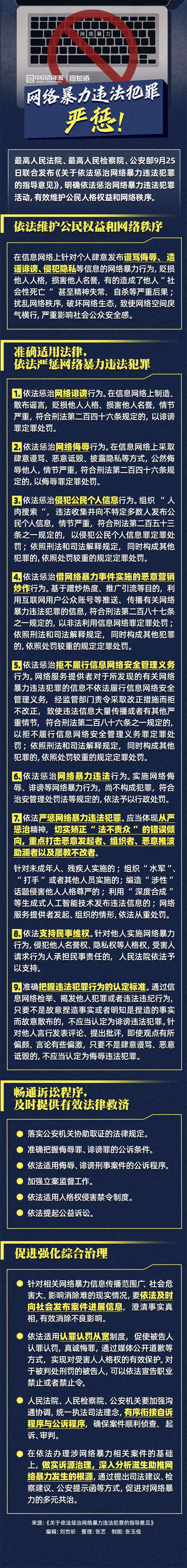 最高人民法院、最高人民检察院、公安部9月25日联合发布《关于依法惩治网络暴力违法犯罪的指导意见》。与传统犯罪行为不同,网暴受害人往往面临极高的维权成本。该意见明确从严惩治网暴行为,针对未成年人、组织“水军”、涉性等网暴行为从重处罚,切实矫正“法不责众”的倾向,维护公众安全感。拒绝网暴,依法维权。清朗网络秩序该如何维护,一起收藏了解。
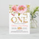 Invitación a la flor de primer cumpleaños Rústico Rubor Pink Gold.
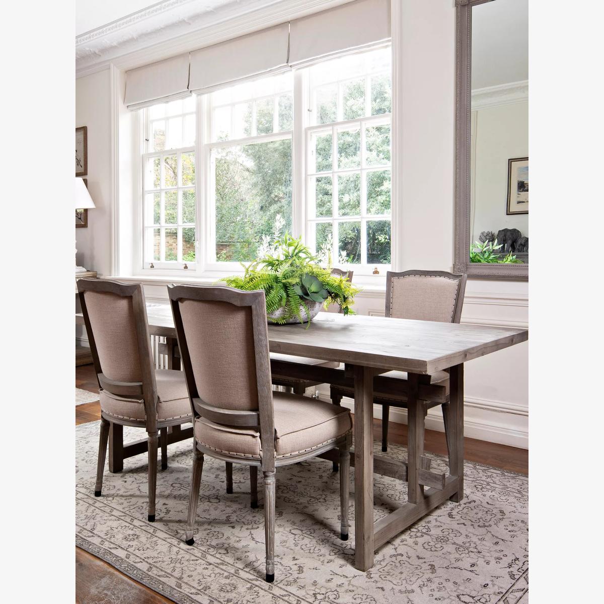 I love this table for its versatile, natural look and sustainable appeal, making it an ideal centrepiece for both country-style and modern interiors. Its recycled pine construction offers warmth and character, enhancing a cosy, inviting dining space. It works well with a range of chair styles-from upholstered classics to minimalist woodland-inspired designs-allowing flexibility in styling approaches. Practical tips include balancing the natural tones with soft textiles or colourful accessories to prevent it from feeling too rustic, while the sturdy build makes it suitable for everyday family use or more formal occasions. It’s a practical, stylish solution for creating a welcoming dining environment that celebrates sustainability without sacrificing design.
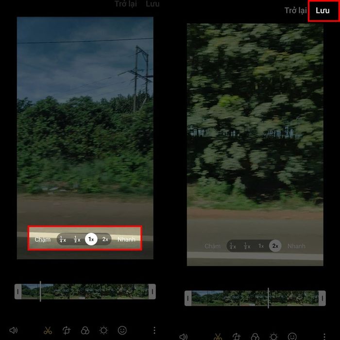 Bước 2: Tùy thuộc vào chất lượng video, bạn có thể có 3 hoặc nhiều hơn các lựa chọn để điều chỉnh tốc độ video của mình. Trên điện thoại, có 4 lựa chọn là 0,25x, 0,5x, 1x và 2x, tùy thuộc vào nhu cầu sử dụng của bạn. Sau khi chỉnh sửa xong, nhấn nút Lưu để lưu lại video đã chỉnh sửa.
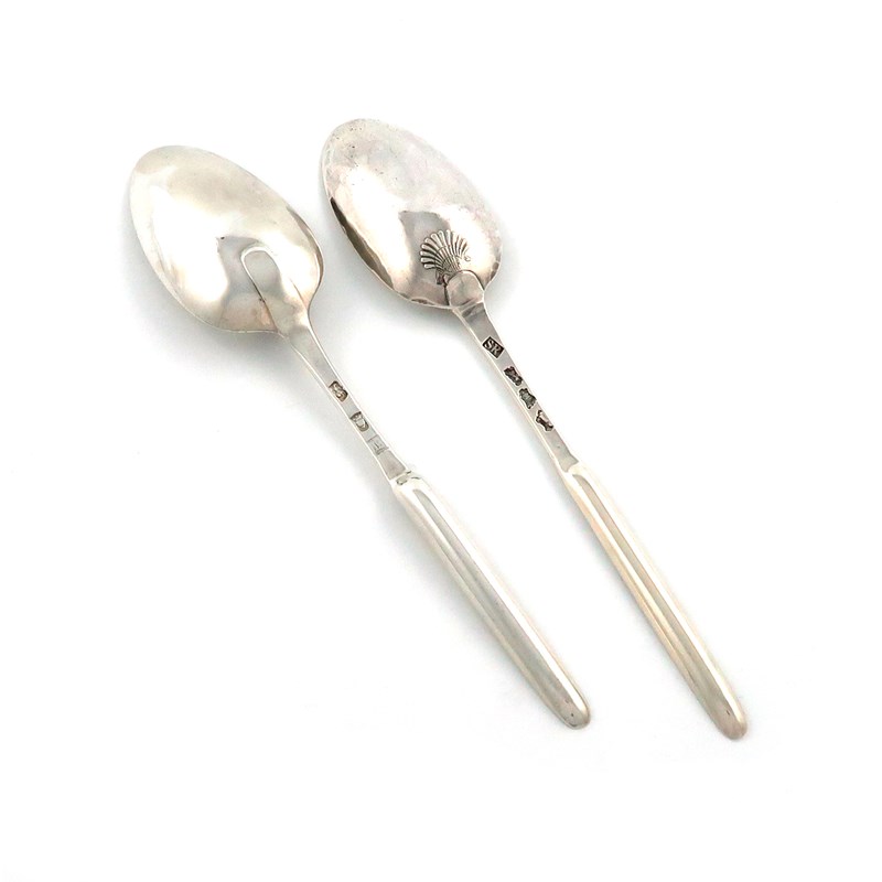the reverse of the oval bowl with a shell heel, length 21.8cm, plus a George III silver marrow spoon, London 1763, maker's mark possibly WW, approx. total weight 3.5oz. (2)

☆ ☆ ☆ ☆ ☆

Please print the entries exactly as they stand. Images are not part of the copy.

 最高人民法院、最高人民检察院、公安部9月25日联合发布《关于依法惩治网络暴力违法犯罪的指导意见》。与传统犯罪行为不同,网暴受害人往往面临极高的维权成本。该意见明确从严惩治网暴行为,针对未成年人、组织“水军”、涉性等网暴行为从重处罚,切实矫正“法不责众”的倾向,维护公众安全感。拒绝网暴,依法维权。清朗网络秩序该如何维护,一起收藏了解。
 Invitación a la flor de primer cumpleaños Rústico Rubor Pink Gold.
 I love this table for its versatile, natural look and sustainable appeal, making it an ideal centrepiece for both country-style and modern interiors. Its recycled pine construction offers warmth and character, enhancing a cosy, inviting dining space. It works well with a range of chair styles-from upholstered classics to minimalist woodland-inspired designs-allowing flexibility in styling approaches. Practical tips include balancing the natural tones with soft textiles or colourful accessories to prevent it from feeling too rustic, while the sturdy build makes it suitable for everyday family use or more formal occasions. It’s a practical, stylish solution for creating a welcoming dining environment that celebrates sustainability without sacrificing design.
 Bước 2: Tùy thuộc vào chất lượng video, bạn có thể có 3 hoặc nhiều hơn các lựa chọn để điều chỉnh tốc độ video của mình. Trên điện thoại, có 4 lựa chọn là 0,25x, 0,5x, 1x và 2x, tùy thuộc vào nhu cầu sử dụng của bạn. Sau khi chỉnh sửa xong, nhấn nút Lưu để lưu lại video đã chỉnh sửa.
the reverse of the oval bowl with a shell heel, length 21.8cm, plus a George III silver marrow spoon, London 1763, maker's mark possibly WW, approx. total weight 3.5oz. (2)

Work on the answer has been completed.